1Department of Pediatric Cardiology, AZ Maastricht, P. Debeylaan 25, PO Box 5800, NL-6206 AZ Maastricht, The Netherlands
2Department of Pediatric Cardiology, UZ Leuven, Herestraat 49, 3000 Leuven, Belgium
* Corresponding author. E-mail address: marc.gewillig{at}eurheartj.org
A non-syndromatic, 4.2 kg male newborn was admitted to the hospital at 24 h of age because of grunting and pale colour. Suspecting cardiogenic shock, prostaglandin infusion was initiated with prompt improvement of the clinical condition.
Echocardiography revealed a complex congenital heart disease. There was an unbalanced atrioventricular septal defect with a small left ventricle. There were bilateral superior caval veins, the left draining to the coronary sinus. The pulmonary veins drained to a collecting vessel which connected to the right atrium near its junction with the right superior caval vein. The aortic valve is atretic with a very small ascending aorta (AoA).

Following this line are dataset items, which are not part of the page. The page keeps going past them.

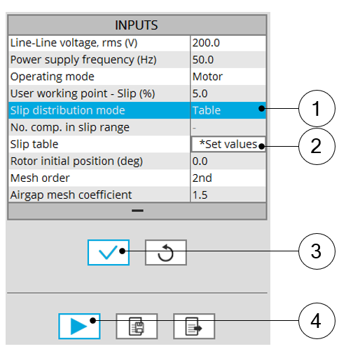 The value of the targeted slip for the user working point “User working point - Slip” ( Slip at the targeted working point ) must be provided. This value must be in the range of slip corresponding to the selected operating mode.
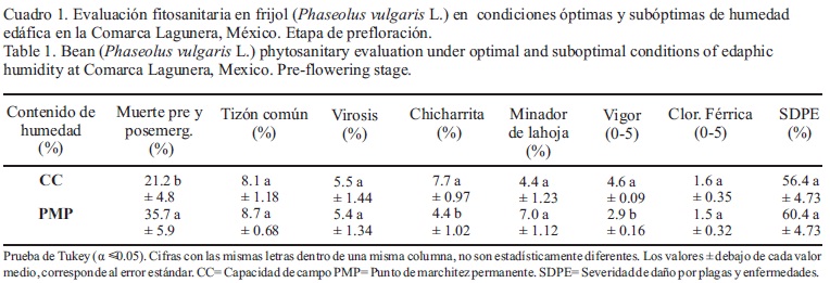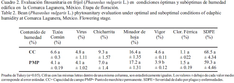 Pest, plant diseases and drought are the main problems in the production of beans. The objective of this study was to evaluate, from a plant health perspective, the response of different bean cultivars to Field Capacity (FC), and Permanent Wilting Point (PWP) of soil moisture. A randomized complete block design arranged in split-plot treatments was used. The main insect pests were the leafhopper (Empoasca kraemeri) and the leaf miner (Xenochalepus signaticollis). The main plant diseases during the season were the pre and post-emergence plant death (Rhizoctonia solani and Fusarium sp.), common blight (Xanthomonas phaseoli) and bean common mosaic virus (BCMV). No significant interaction effect was detected between factors. Mayocoba bean cultivar was significantly more affected in pre and post-emergence plant death (62.5 %), but less damaged by common blight. In general, the pre and post-emergent plant death was higher (35.7 %), when the plant soil moisture was near to PWP, associated to less conductance and transpiration, but higher photosynthetic efficiency, compared to when soil moisture was near FC. Pinto Americano cultivar was able to maintain photosynthesis stability to the change of optimum to suboptimum soil content.
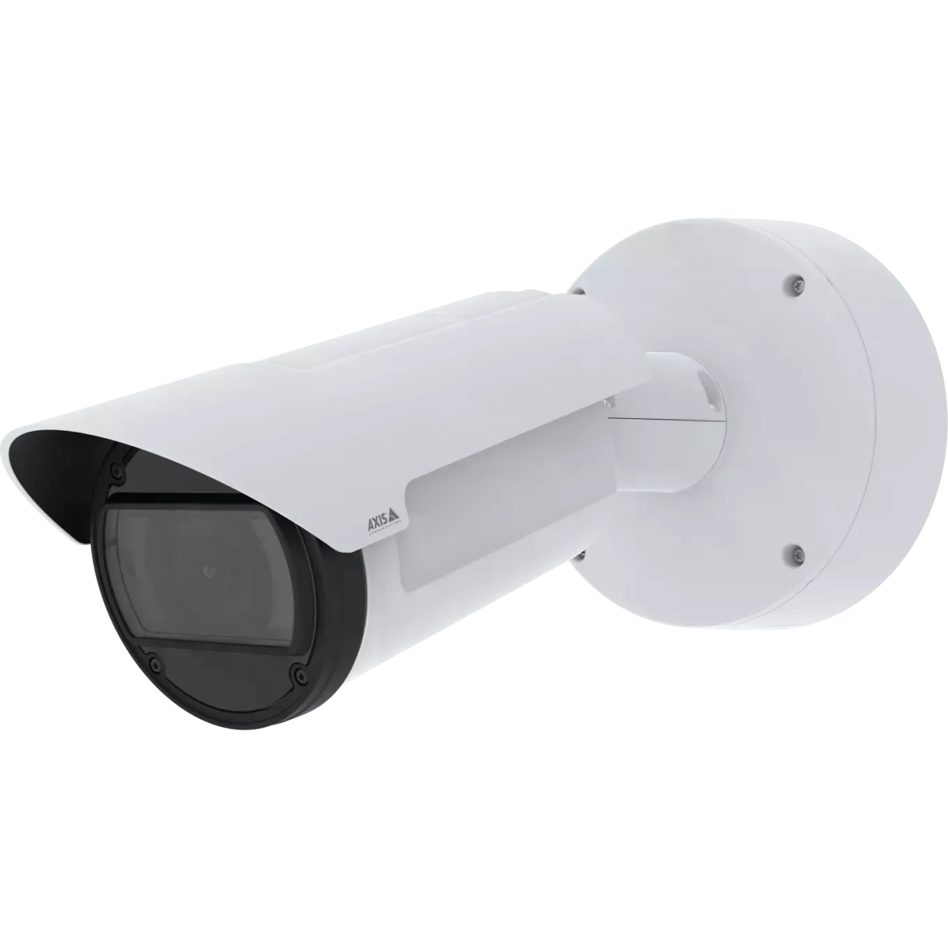 A rugged outdoor fixed bullet camera with 2 MP (1080p) resolution, designed for 24/7 video surveillance. It offers NEMA 4X, IP66, IP67, and IK10 protection ratings. It features a built-in deep learning processing unit (DLPU). It supports Forensic WDR, Lightfinder 2.0, and OptimizedIR—energy-efficient 850 nm IR illumination. The 4.3–137 mm varifocal lens offers 32x optical zoom, a horizontal viewing angle of 60° to 2.3°, and remote zoom and autofocus. Supports multiple, individually configurable video streams: H.264/H.265 with Zipstream, Motion JPEG. 2 MP video at up to 90 fps, with WDR up to 25/30 fps. Features: AXIS Object Analytics, Motion Detection, Impact and Active Sabotage Detection, AXIS Edge Vault with a FIPS-certified TPM for enhanced cybersecurity. Support for corridor format, lens distortion correction, defog, electronic image stabilization, and scene profiles. Audio input and a supervised I/O port are included, as well as a microSD slot for local storage. MQTT support. A built-in mount allows for easy wall and ceiling mounting. Operating temperature range: -40°C to +60°C (-40°F to 140°F). Power: PoE Class 4 (IEEE 802.3at) 10-28 VDC or 20-24 VAC Additional: Supports 30 W PoE output for powering an additional device (requires Axis Midspan 60 W PoE injector, IEEE 802.3bt Type 3 Class 6 standard) Included: Removable sunshield, IP66/67-rated sealed cable entries, optional IDC connectors Power supply or PoE injector not included.

Catheterization showed a complex form of interrupted aortic arch with a peculiar relationship to the pulmonary arteries. The aortic arch was interrupted between the brachiocephalic trunk (BCT) and the left common carotid artery (LCCA). Blood supply to the very hypoplastic AoA and coronary arteries was provided by a right arterial duct (RAD), connecting the right pulmonary artery (RPA) and the BCT. This was nicely shown by retrograde injection of the right radial artery (Panel A). Through a left arterial duct (LAD), the descending aorta (AoD) was perfused as well as the distal part of the aortic arch (Panel B). Panels C and D show all great arteries and their relationship. Of particular interest is a sharp angle at the origin of the BCT and the LCCA, suggesting fibrous continuity of the arch rather than complete interruption.

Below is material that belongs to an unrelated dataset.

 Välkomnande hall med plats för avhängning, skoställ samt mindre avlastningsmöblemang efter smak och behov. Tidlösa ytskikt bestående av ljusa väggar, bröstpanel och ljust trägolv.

A bilateral duct is a rare find. In this case of interrupted aortic arch and aortic atresia, blood supply to the coronary arteries depended on the patency of the RAD. Constriction of ductal tissue in the first hours after birth resulted in cardiac ischaemia and an early presentation with cardiogenic shock. Considering the complexity of the malformation, no further therapy was offered.
Panel A. Retrograde injection in the right radial artery. Blood supply to the AoA from the RPA through the RAD and BCT.
Panel B. Injection in the AoD. Blood supply to the AoD and distal aortic arch, with LCCA and left subclavian artery, was provided by an LAD.
Panel C. Injection in the LAD. LAD supplying the AoD and the distal arch. Right aortic arch supplying AoA. Fibrous continuity of arch (arrow) suggested by sharp angle at the origin of the BCT and the LCCA (LPA, left pulmonary artery).
Panel D. Schematic representation of great arteries. Interrupted line, presumed fibrous continuity of aortic arch.